Authority: What is the author's expertise (education, professional experience), which particularly qualifies him or her to write on this topic? What, if any, institutional affiliation does the author have? Has the author published widely on this specific topic? Is this person considered an authority on the topic? The publication can be another marker of Authority: What kind of publication (blog, newspaper, magazine, scholarly journal, etc.) is the article published in? Is it a well-reputed publication?
Objectivity: Does the author, publication, or institution have a particular point of view in relation to this topic? Does the author make an effort to present a balanced point of view in order to account for bias? Are there data or statistics used in the article? Where did the data/stats come from? Is there a funding source named for the research?
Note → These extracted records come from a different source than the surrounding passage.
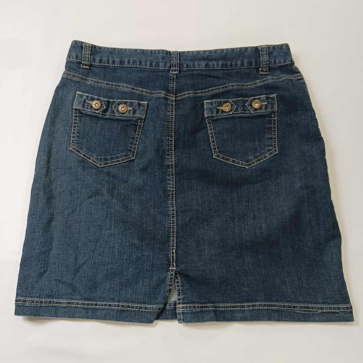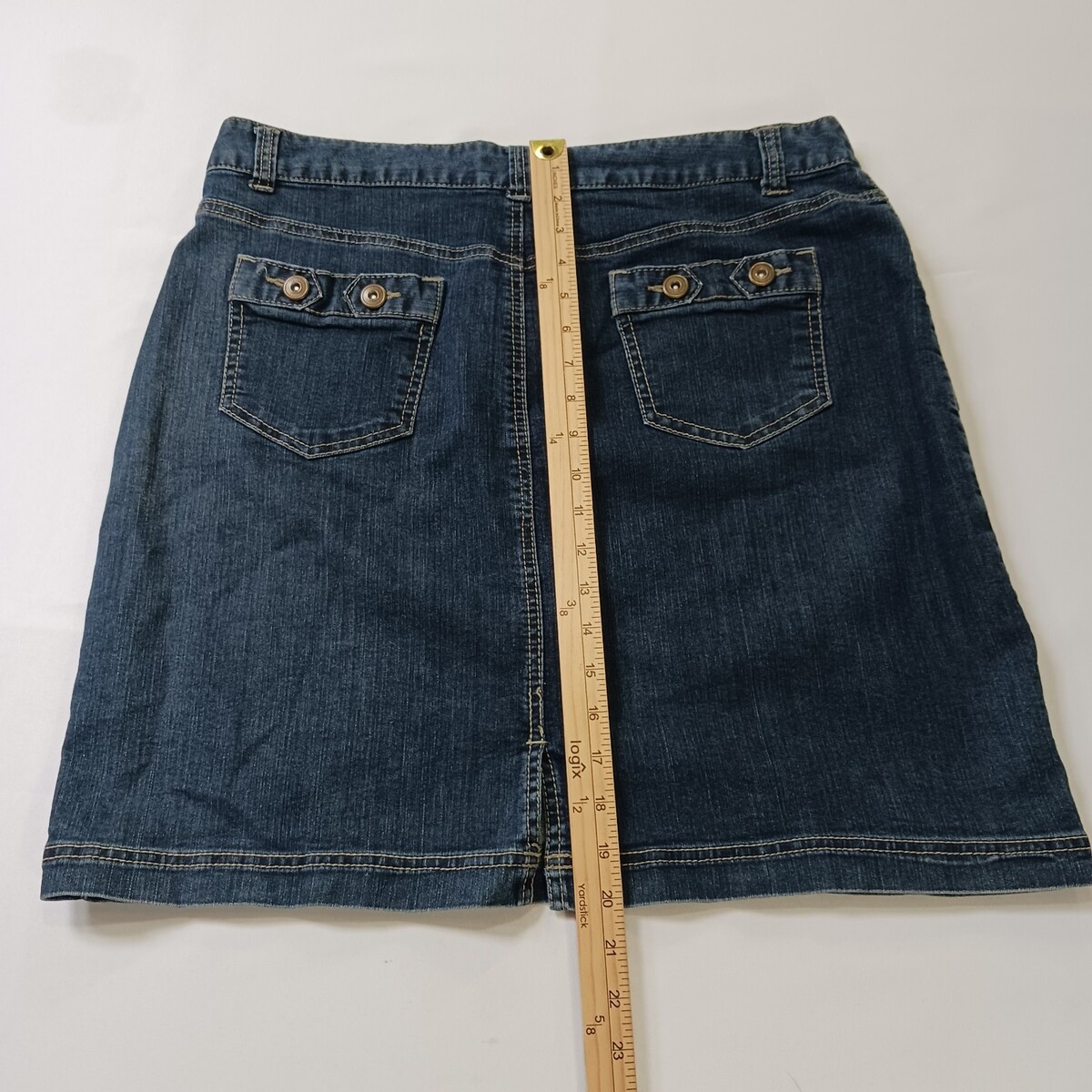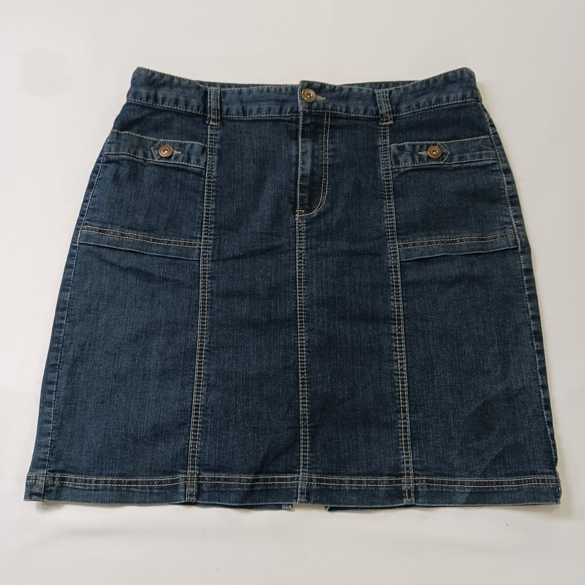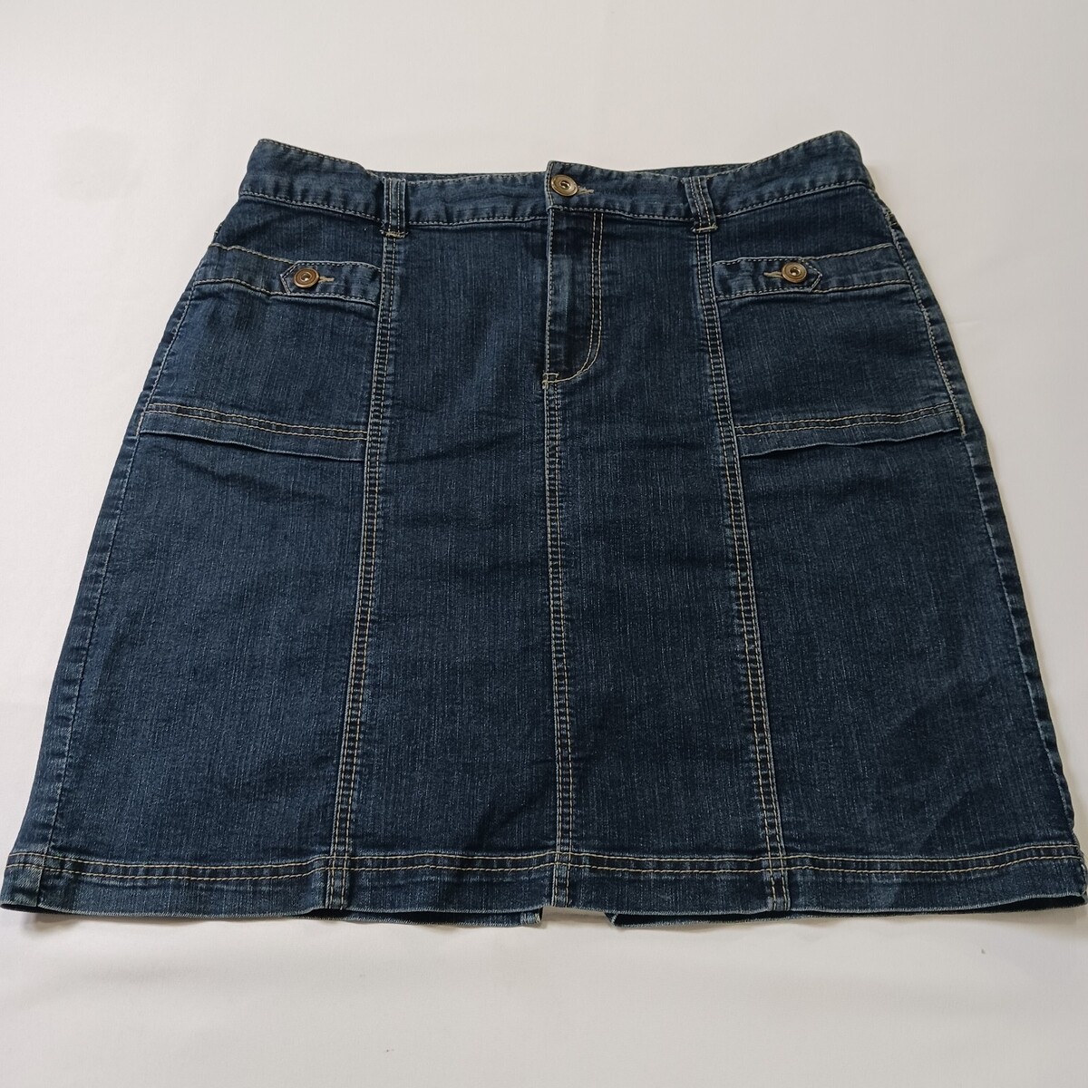 This Christopher & Banks RN#55826 Women's Blue Cotton Blend Denim Skirt in size 14 is a versatile garment perfect for various occasions such as travel, casual outings, or business meetings. Made from a comfortable cotton blend fabric with a high rise and A-line style, this skirt features a zip closure, pockets, and natural accents like buttons and zippers. The classic blue color and denim fabric add a touch of Western flair to your wardrobe, making it a stylish and practical choice for the warmer seasons of spring, summer, and fall.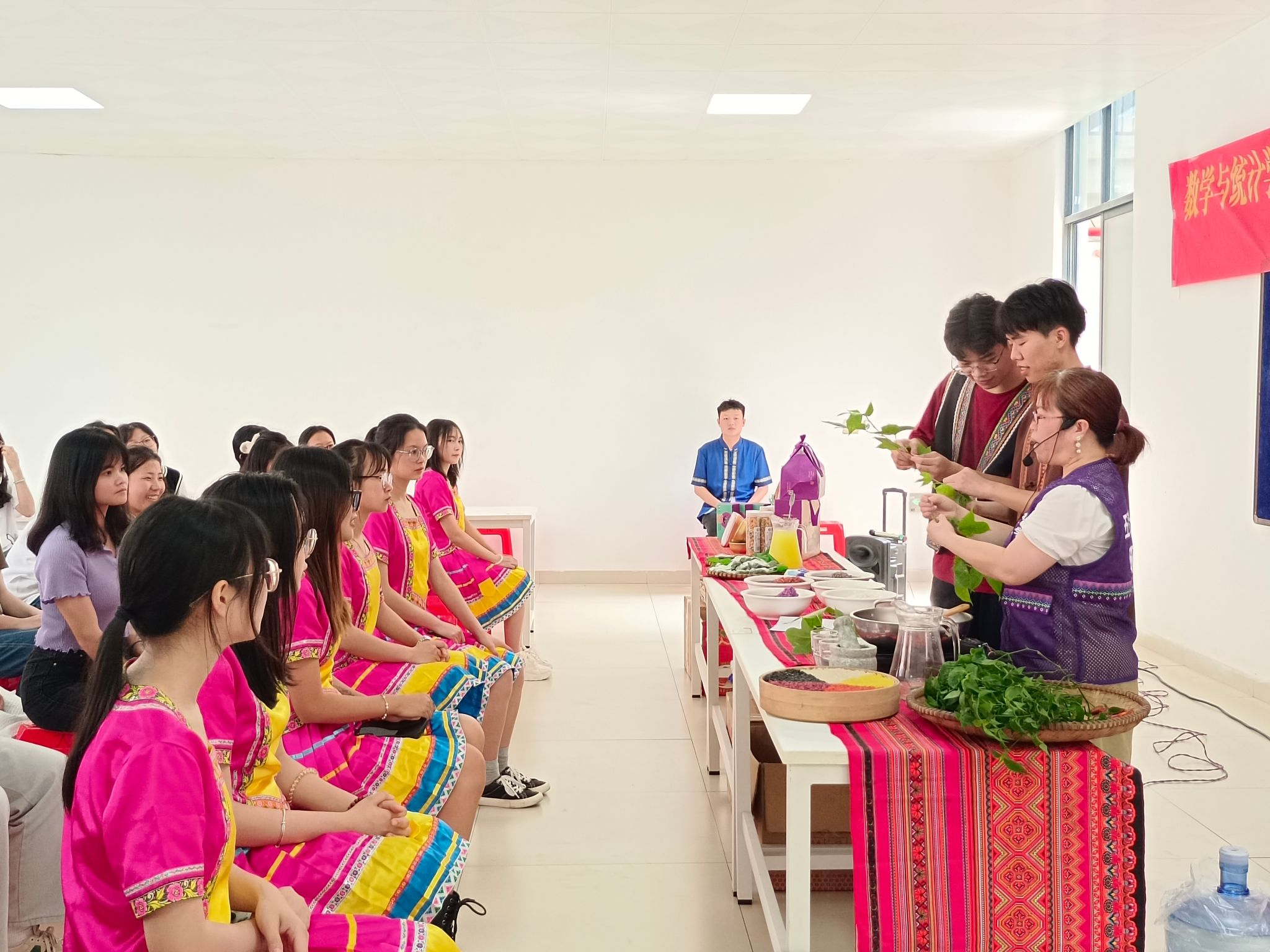 活动伊始,大家通过观看非遗美食——五色糯米饭的宣传片,了解了非遗美食的文化价值和意义,五彩壮乡的工作人员向同学们详细展示了五色糯米饭的原材料与制作工序。同学们在工作人员的带领下学习了五色糯米饭的染色技艺并制作体验。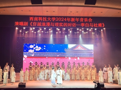 作為校地共建“中華優(yōu)秀傳統(tǒng)文化傳承基地”項目、省級扶持項目清唱劇《穿越浪漫與現(xiàn)實的對話——李白與杜甫》,由西南科技大學(xué)文學(xué)與藝術(shù)學(xué)院、綿陽市文化館合力打造。以李白、杜甫二人的多次交會和人生中幾次重要轉(zhuǎn)折點為線索,以藝術(shù)的形式呈現(xiàn)二人的風(fēng)雨人生和思索及他們心系天下與國家的赤誠情懷,啟發(fā)今人只要秉持崇高的人生理想,堅定心系民族與國家的蓬勃信念,深深融入到為人民、為國家、為民族而奮斗的火熱事業(yè)中,人生就能綻放出無限光彩。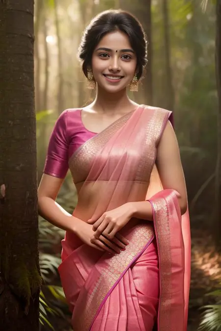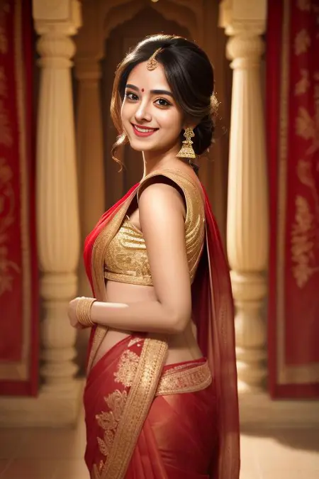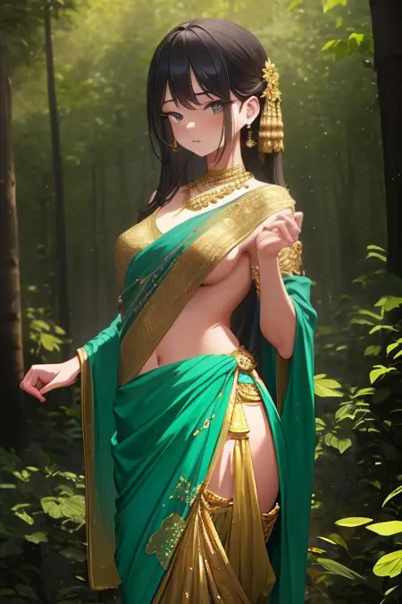 SariLoRa: 아시아 전통 복장인 아름다운 사리와 레헨가를 입은 사람들의 이미지를 생성하는 LoRa 모델.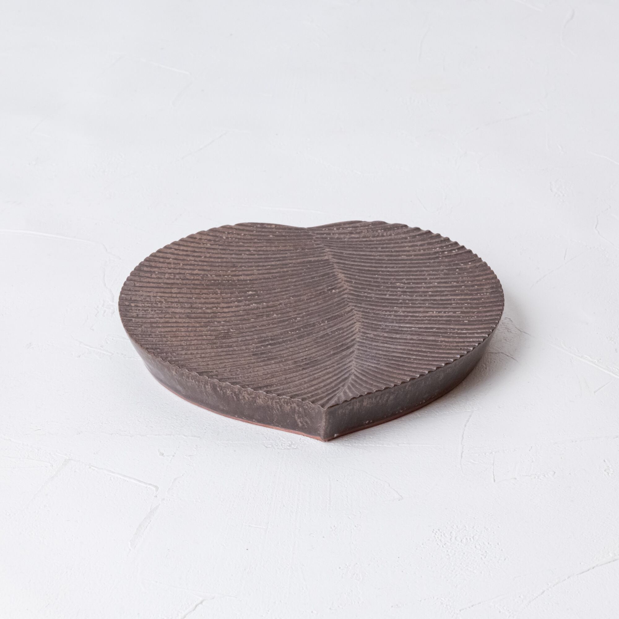 【増田 哲士】14.ハートリーフ皿/大(茶)

Question authority by duncan c is licensed under CC BY-NC 2.0 and Question everything by TijsB is licensed under CC BY-SA 2.0.
From what you know about Hank Green of CrashCourse (feel free to Google him and use his Wikipedia page), what kind of authority does he have to make each of the videos that corresponds to a different color sticky note?
1. Go to this google slide deck if you are in the 8:30 class. Go to this google slide deck if you are in the 10:20 class. You will be editing the slide for your group (Group 1, Group 2, etc.).
2. Decide together what kind of authority (through Education, Life Experience, Work Experience, or No Evidence of Authority) Hank Green may have in the domains of photosynthesis/biology, pollution/ecology, and psychology.
3. Copy and paste the color boxes in the appropriate domain. Anyone who disagrees with the consensus at their group may copy and paste the color box and leave their initials. If you or your group thinks Hank Green has more than one kind of authority on a topic, come copy and paste the color box in those domains.